Certificates of Deposit (CDs)
Certificates of deposit (CDs) are time deposits. When you choose a CD, the bank accepts your deposit for a fixed term—usually a preset period from six months to five years—and pays you interest until maturity. At the end of the term you can cash in your CD for the principal plus the interest you've earned, or roll your account balance over to a new CD. But you must tell the bank what you've decided before the CD matures. Otherwise the bank may automatically roll over your CD to a new CD with the same term at the current interest rate. And you might earn a better interest rate with a CD that has a different term, or one offered by a different bank.
CDs are less liquid than savings accounts. You can't add to or withdraw from them during the term. Instead, to buy a CD, you need to deposit the full amount all at once. If you cash in your CD before it matures, you'll usually pay a penalty, typically forfeiting some of the interest you've earned. To make up for the inconvenience of tying up your money, CDs typically pay higher interest than savings or money market accounts at the same bank, with the highest rates for the longest terms—though there are exceptions to this pattern. Like other savings accounts, bank CDs are insured by the FDIC, with your CD account balances counting toward your total insured amount.
CDs for Different Interest Rate Environments
In the past, each CD paid a fixed rate of interest over its term. But today you can also find variable rate CDs, sometimes called market rate CDs. With these accounts, the interest rate may rise and fall with changing market rates or be readjusted on a specific schedule. If the current rate is low, it may make sense to purchase a variable CD. That way, if interest rates rise, you won't miss out on the rate increase. On the other hand, if you expect rates to fall in the future, it may make more sense to buy a fixed-rate CD to lock in the higher rate for a specific term.
Another alternative is to create a CD ladder. You might start by dividing the amount you plan to invest in CDs into four equal amounts and buy four CDs with varying terms—say three months, six months, nine months, and one year. As each CD matures, you replace it with a one-year CD, so you have an amount to cash in or reinvest on a regular schedule.
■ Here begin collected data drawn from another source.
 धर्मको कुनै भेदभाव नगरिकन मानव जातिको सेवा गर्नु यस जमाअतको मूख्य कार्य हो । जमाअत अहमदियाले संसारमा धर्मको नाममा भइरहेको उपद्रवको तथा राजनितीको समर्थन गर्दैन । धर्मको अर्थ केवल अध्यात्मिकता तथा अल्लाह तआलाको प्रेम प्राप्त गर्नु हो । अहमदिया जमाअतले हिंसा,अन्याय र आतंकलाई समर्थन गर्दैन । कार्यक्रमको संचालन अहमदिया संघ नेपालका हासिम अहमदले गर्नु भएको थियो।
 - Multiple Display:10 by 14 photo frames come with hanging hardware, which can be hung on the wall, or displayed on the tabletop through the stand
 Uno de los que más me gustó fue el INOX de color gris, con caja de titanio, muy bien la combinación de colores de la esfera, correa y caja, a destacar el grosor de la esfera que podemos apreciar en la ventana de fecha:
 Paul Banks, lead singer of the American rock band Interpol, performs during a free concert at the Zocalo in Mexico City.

If you used a longer ladder, so that your CDs matured on an annual instead of a quarterly basis, you would never have all your money invested at the same rate, which would allow you to avoid locking in a large sum at a low rate.
Take Care With Long-Term CDs and Call Features
CDs are usually described, quite accurately, as conservative investments because of their FDIC insurance and relatively short terms. However, not all CDs are alike. In addition to regular CDs, whose terms are rarely longer than five years, banks may offer long-term, high-yield CDs that pay a much higher rate of interest for terms as long as 10 or 20 years. These CDs may be callable, which means that the bank has the right to terminate the CD and pay you back your principal plus the interest earned to that point. This usually happens if your CD is paying higher interest than CDs currently on the market, and it means you would have to reinvest your principal at a lower rate than your old one paid. However, unlike the bank, you don't have the right to end a CD contract if the situation is reversed and your CD is paying less than the current market rates.
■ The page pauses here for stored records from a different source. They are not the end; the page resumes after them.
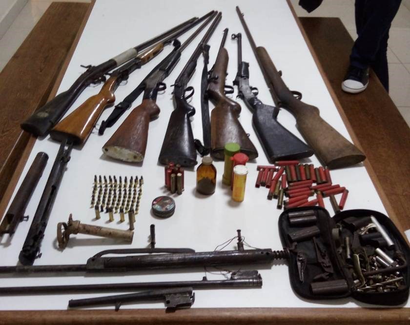 Após averiguar uma denúncia de posse irregular de arma de fogo e caça ilegal no distrito de Fazenda Guandu, os policiais apreenderam sete espingardas, 98 munições intactas e 37 deflagradas, uma armadilha, além de diversos componentes de arma de fogo e material para recarga de munição.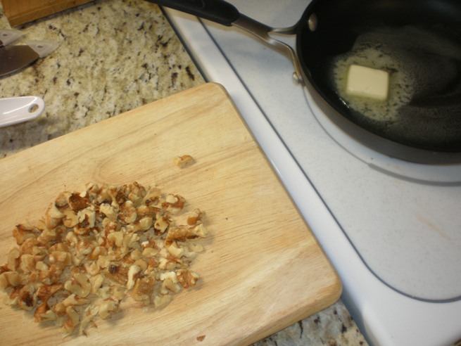 Melt butter or Earth Balance in a small skillet over medium heat.  Then add chopped nuts and cook for several minutes.
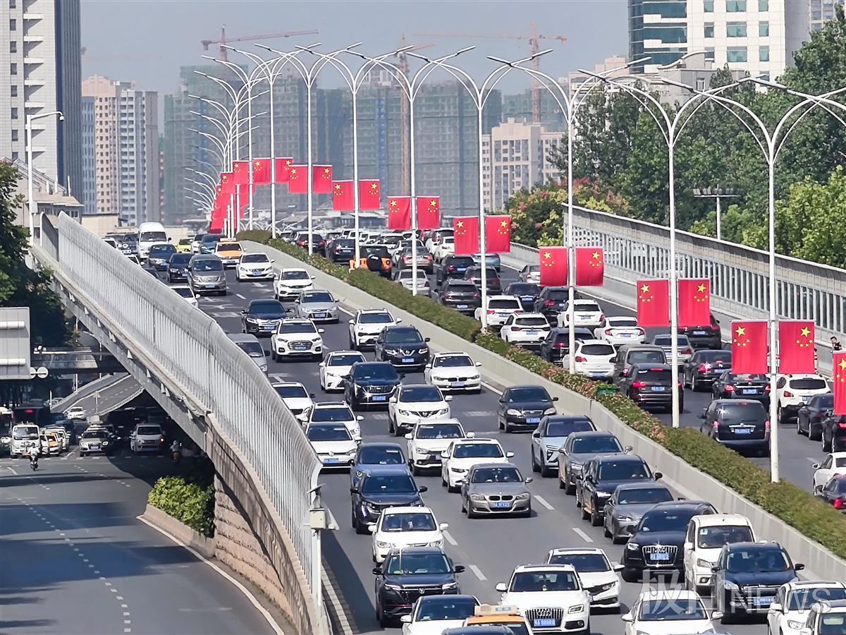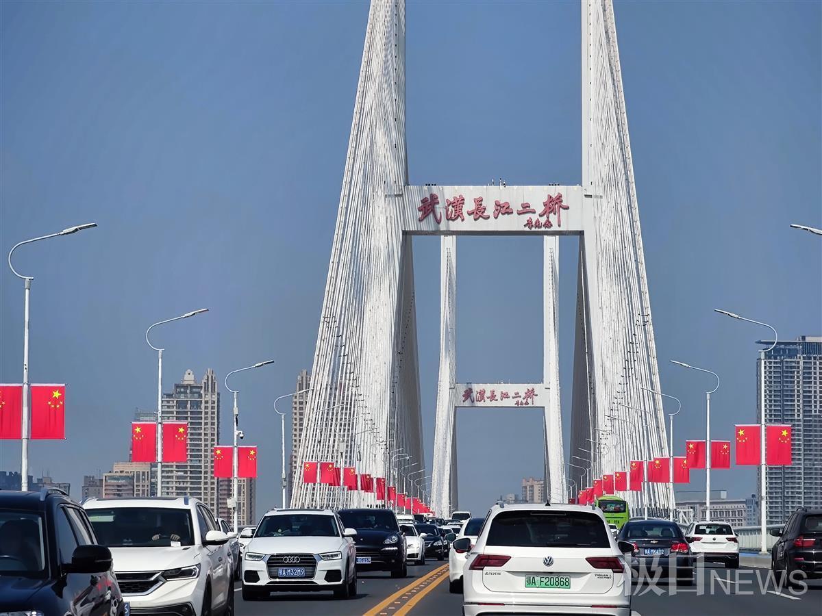 10万面五星红旗挂上武汉街头,居民小区、高架桥上,全市主要干道、重要窗口区域和桥梁一路飘“红”,处处洋溢着喜庆、祥和、热烈的节日氛围。

In fact, you may want to think twice about any long-term CD because of the early withdrawal penalty. Generally speaking, investments that cost you money simply for changing your mind are rarely the best alternative.
Brokered CDs—Not Always FDIC Insured
You may also be offered a brokered CD by a stockbroker or other investment professional who serves as a deposit broker for the issuing bank. Brokered CDs may have a longer holding period than a CD you purchase directly from a bank, and they may be more complex and carry more risk. Although most brokered CDs are bank products, some may be securities—and won't be FDIC insured.
Brokered CDs differ in other ways from traditional CDs. For example, you may have to pay a fee to buy a brokered CD, either as a fixed amount or as a percentage of the amount you are investing. If the fee is modest and the CD is paying a higher rate than you could find on your own, you may come out ahead. But you should take the fee into account. You may also have to invest a minimum amount, such as $10,000 or more.
If the bank issuing the CD is FDIC-insured and if the CD is a bank product, your account value should be insured for up to $250,000. Keep these two things in mind, though: To be eligible for insurance, you must be listed as the CD's owner, so you'll want to confirm that it's registered to you or held in your name by a custodian or trustee (for more details on properly titling your CD, see the FDIC's Consumer News, When a Broker Offers a Bank CD: It Pays to Do Some Research). Second, if the issuer happens to be a bank where you already have money on deposit, the total value of your accounts could be higher than the amount of the insurance. If the bank fails, you might be vulnerable to loss.
Unlike a traditional CD, brokered CDs can't simply be cashed in with the issuing bank. As a result, some firms that offer brokered CDs may maintain a secondary market—but these secondary markets tend to be quite limited. If you want or need to liquidate your brokered CD before maturity, you may be subject to what's known as market risk. This means the CD may be worth less than the amount you invested because other investors are not willing to pay full price to own it. This might happen if the interest rate that new CDs are paying is higher than the rate on your CD.
Questions to Ask About CDs
Before you buy any CD, you should ask several questions:
- What interest rate does the CD pay and what is the annual percentage yield (APY)?
- Is the rate fixed or variable, and if it's variable, what triggers an adjustment and when does the change occur?
- When does the CD mature?
- What's the penalty for early withdrawal and are there exceptions to the early withdrawal fee?
- Does the bank have the right to call the CD, and if so, when could that occur?
- Is the issuing bank FDIC insured?
And if you purchase a brokered CD through a deposit broker, you should also ask the following additional questions:
- Is the brokered CD a bank product or a security?
- What is the name of the issuing bank?
- Is the issuing bank insured by the FDIC?
- Is the deposit broker someone you know—whose credentials you have checked?
CDs are useful additions to most investment portfolios because they offer safety and a predictable return. If you keep a portion of your assets in cash, CDs or U.S. Treasury bills are usually the most logical choices. And if you've been accumulating money to pay for specific goals, such as making the down payment on a home or paying tuition bills, you may want move some of this money into CDs as the date you'll need the money gets closer. That way, you can be sure you'll have it when you need it.